Patients with Renal Impairment
Observed trough serum evinacumab-dgnb concentrations at steady-state were comparable between patients with mild or moderate renal impairment and patients with normal renal function. No data are available in patients with severe renal impairment.
Patients with Hepatic Impairment
No data are available in patients with hepatic impairment.
Drug Interaction Studies
Drug interaction studies have not been conducted with evinacumab-dgnb. In a clinical trial, the concentrations of statins (atorvastatin, rosuvastatin, simvastatin) were not meaningfully altered in patients taking statins prior to and post administration of evinacumab-dgnb. Concentrations of evinacumab-dgnb were comparable in patients with HoFH taking or not taking background lipid-lowering therapy.
Carcinogenesis and Mutagenesis
Carcinogenicity studies have not been conducted with evinacumab-dgnb. The mutagenic potential of evinacumab-dgnb has not been evaluated; however, monoclonal antibodies are not expected to alter DNA or chromosomes.
Impairment of Fertility
There were no adverse effects on surrogate markers of fertility (estrous cyclicity, testicular volume, ejaculate volume, sperm motility, total sperm count per ejaculate, and histology of reproductive organs) in a 6-month chronic toxicology study in sexually-mature male and female monkeys subcutaneously administered 10, 30, or 100 mg/kg/week (0.2, 1, and 3-fold MRHD based on AUC, respectively) and intravenously administered 100 mg/kg/week (4-fold MRHD, based on AUC).
In a combined fertility and early embryonic and pre-and postnatal development study in female rats administered evinacumab-dgnb via subcutaneous injection at doses 30 and 100 mg/kg/Q3D beginning 2 weeks prior to mating, no adverse effect on female fertility were observed at any dose. Exposures to evinacumab-dgnb represented less than the human exposure at the MRHD, based on AUC. No effects on male fertility were observed with evinacumab-dgnb administration to male rabbits for 40 days prior to mating with treatment-naïve females.
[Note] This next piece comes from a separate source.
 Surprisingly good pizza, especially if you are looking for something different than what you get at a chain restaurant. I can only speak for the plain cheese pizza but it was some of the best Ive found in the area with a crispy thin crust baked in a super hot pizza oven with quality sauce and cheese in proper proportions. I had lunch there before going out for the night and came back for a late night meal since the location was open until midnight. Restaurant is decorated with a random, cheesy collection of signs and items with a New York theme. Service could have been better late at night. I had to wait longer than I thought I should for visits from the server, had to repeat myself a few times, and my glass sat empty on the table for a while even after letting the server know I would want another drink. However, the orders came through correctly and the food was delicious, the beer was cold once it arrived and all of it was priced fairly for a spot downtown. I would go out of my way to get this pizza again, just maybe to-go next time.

Evinacumab-dgnb was administered to male rabbits intravenously at 100 and 300 mg/kg/Q5D, representing exposures 2- and 5-times, respectively, the human exposure at the MRHD, based on AUC.
Pediatric Patients with HoFH
In ELIPSE-HoFH, 1 pediatric patient received 15 mg/kg IV of EVKEEZA every 4 weeks, and 1 pediatric patient received placebo, as an adjunct to other lipid-lowering therapies (e.g., statins, ezetimibe, PCSK9 inhibitor antibodies and lipoprotein apheresis). Both patients had null/null variants in the LDLR. At Week 24, the percent change in LDL-C with EVKEEZA was - 73% and with placebo was +60%.
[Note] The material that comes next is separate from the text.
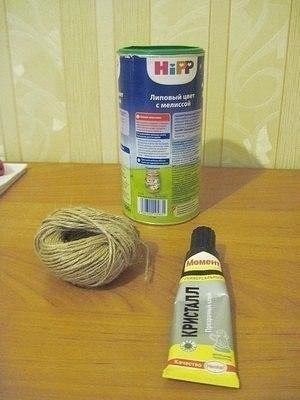 Мельница из бечевки и баночки кофе

In an open-label extension study, 13 pediatric patients with HoFH (12 to 17 years of age) received 15 mg/kg IV of EVKEEZA every 4 weeks as an adjunct to other lipid-lowering therapies (e.g., statins, ezetimibe, PCSK9 inhibitor antibodies and lipoprotein apheresis) for a median treatment duration of 33 weeks. The mean percent change from baseline in LDL-C at Week 24 was -52% in the 9 patients who completed treatment and had a lipid assessment at Week 24. Overall, the effect of evinacumab-dgnb on lipid parameters in pediatric patients with HoFH was generally similar to that seen in adults with HoFH.
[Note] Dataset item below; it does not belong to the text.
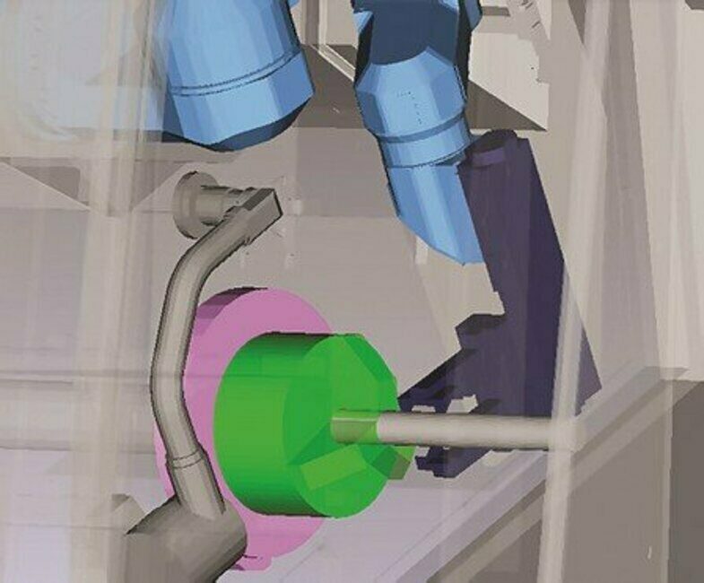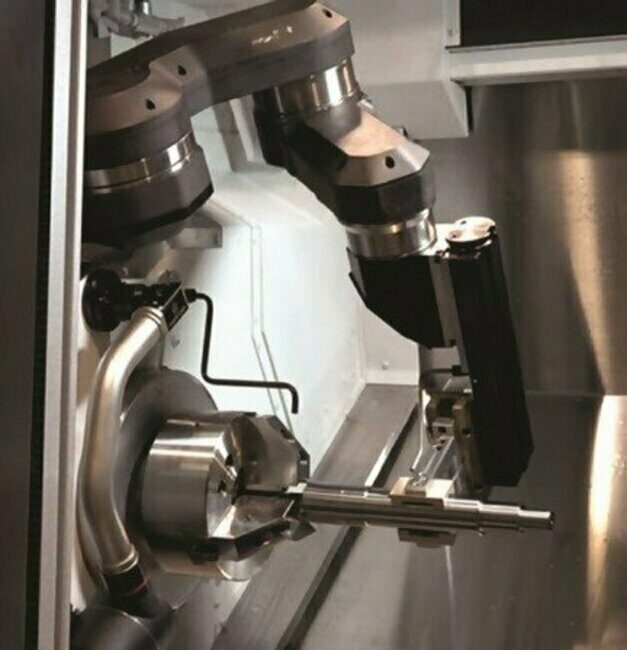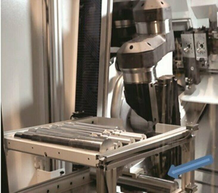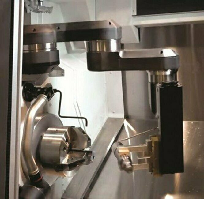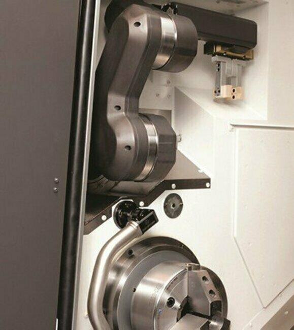 Základní funkcí robota je zakládání polotovaru obrobku do stroje, otáčení obrobku, je-li to nutné, a vyjímání hotového obrobku. Robot spolupracuje se stohovacím zásobníkem přistaveným ke stroji, ze které¨ho vyjímá polotovary a ukládá do něj hotové obrobky. Na jednom z obrázku je robot v pozici vyjímání částečně opracovaného obrobku ze sklíčidla. Následně dojde k otočení obrobku a k novému upnutí za opracovanou část.

Inform patients that hypersensitivity reactions have occurred with EVKEEZA. Advise patients to contact their healthcare provider immediately if they experience signs or symptoms of a hypersensitivity reaction [see Warnings and Precautions (5.1)].
Advise pregnant patients and patients that may become pregnant of the potential risk to a fetus and to inform their healthcare provider of a known or suspected pregnancy. Advise patients who may become pregnant to use effective contraception during treatment with EVKEEZA and for 5 months after the final dose. Encourage patients who become pregnant to report their pregnancy to 1-833-385-3392 [see Warnings and Precautions (5.2) and Use in Specific Populations (8.1, 8.3)].